# How to cook sheephead



## JoshH

Whats an easy way to cook sheephead?


----------



## Dylan

Half shell on the grill or fried..I love it on the halfshell..I cut slits in the fillets and squeeze lemon..A little worchestire and whatever seasoning you like..When its cooking throw some basil and butter on it..


----------



## Kingfish53

Put on cedar plank and grill for 20 mins. While cooking add some lemon juice, and butter every 5 -7 mins. After cooking throw fish away and eat cedar plank! That's the best way I have found to eat it cause it ain't any good to me!


----------



## 192

> *Kingfish53 (2/3/2010)*Put on cedar plank and grill for 20 mins. While cooking add some lemon juice, and butter every 5 -7 mins. After cooking throw fish away and eat cedar plank! That's the best way I have found to eat it cause it ain't any good to me!


Good, leaves more for me. Sheepie make a damn fine meal. Fillet em out and cook them like you would anything else. Great as just filets on the grill, pan fried, in fish tacos, chunks for coast chowder...Sky is the limit....


----------



## Fishwater

"ITS BETTER TO BE THOUGHT OF AS STUPID, THEN TO OPEN YOUR MOUTH AND REMOVE ALL DOUBT!!!"



Damn, are you looking to remove all doubt? Someone make this man a nice sheepie meal! Seriously, I like it fried best, but I like most any fish that way. 



On a side note, in your quote, it should read than, not then.


----------



## ScullsMcNasty

> *Kingfish53 (2/3/2010)*Put on cedar plank and grill for 20 mins. While cooking add some lemon juice, and butter every 5 -7 mins. After cooking throw fish away and eat cedar plank! That's the best way I have found to eat it cause it ain't any good to me!


you just aint never had it cooked good cause i love some sheepies!!!

filet em, cut all the red meat off, let em sit in some half and half for about a half hour. take em out, salt and pepper them, then batter them in flour and fry!!!! next, take some french bread and cut in half and butter, put in the oven on 350 for a few mins until its a lil crispy. put some tartar, american cheese and lettuce on the bread and add the fried sheepie to make one hell of a PoBoy!!!


----------



## deeptracks

hard to beat fried sheep IMO.....


----------



## Buckyt

An old cajun friend told me that he would place a whole (I guess gutted) sheepie in a pillow case and boil it in seafood seasoning. He said it tasted a lot like lobster when you dip it in butter? Not sure if he scaled the fish before boiling it?


----------



## Buzzbait

I am with that fishwater fella. That man obviously knows his sheeps andit sounds like he is apart time college professor to boot.Those convicts are excellent. Some call em the poor mans snapper. I am one of those adjust the steering wheel when you enter kind of guys so I love mine fried with double frys please.


----------



## Travis Gill

> *Kingfish53 (2/3/2010)*Put on cedar plank and grill for 20 mins. While cooking add some lemon juice, and butter every 5 -7 mins. After cooking throw fish away and eat cedar plank! That's the best way I have found to eat it cause it ain't any good to me!

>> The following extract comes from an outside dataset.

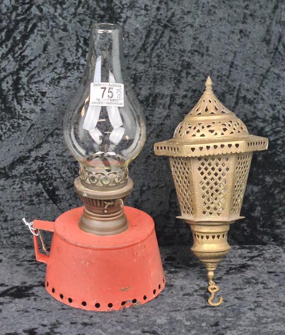 Red metal vintage oil lamp along with a Moroccan brass hangi...

You must have had them cooked wrong or something becasue I like them. Much rather eat a sheephead than a snapper


----------



## choppedliver

> *Buzzbait (2/10/2010)*I am with that fishwater fella. That man obviously knows his sheeps andit sounds like he is apart time college professor to boot.Those convicts are excellent. Some call em the poor mans snapper. I am one of those adjust the steering wheel when you enter kind of guys so I love mine fried with double frys please.




LOL @ steering wheel... Just well fed, nothing wrong with that ! :letsdrink


----------



## OP-FOR

The best and quickest way for:

Reds, Snapper, and Sheephead

Gut and leave the head on.

Wash with water 

Place right on the grill

Fish is done when the skin and scales peel off in one easy pull.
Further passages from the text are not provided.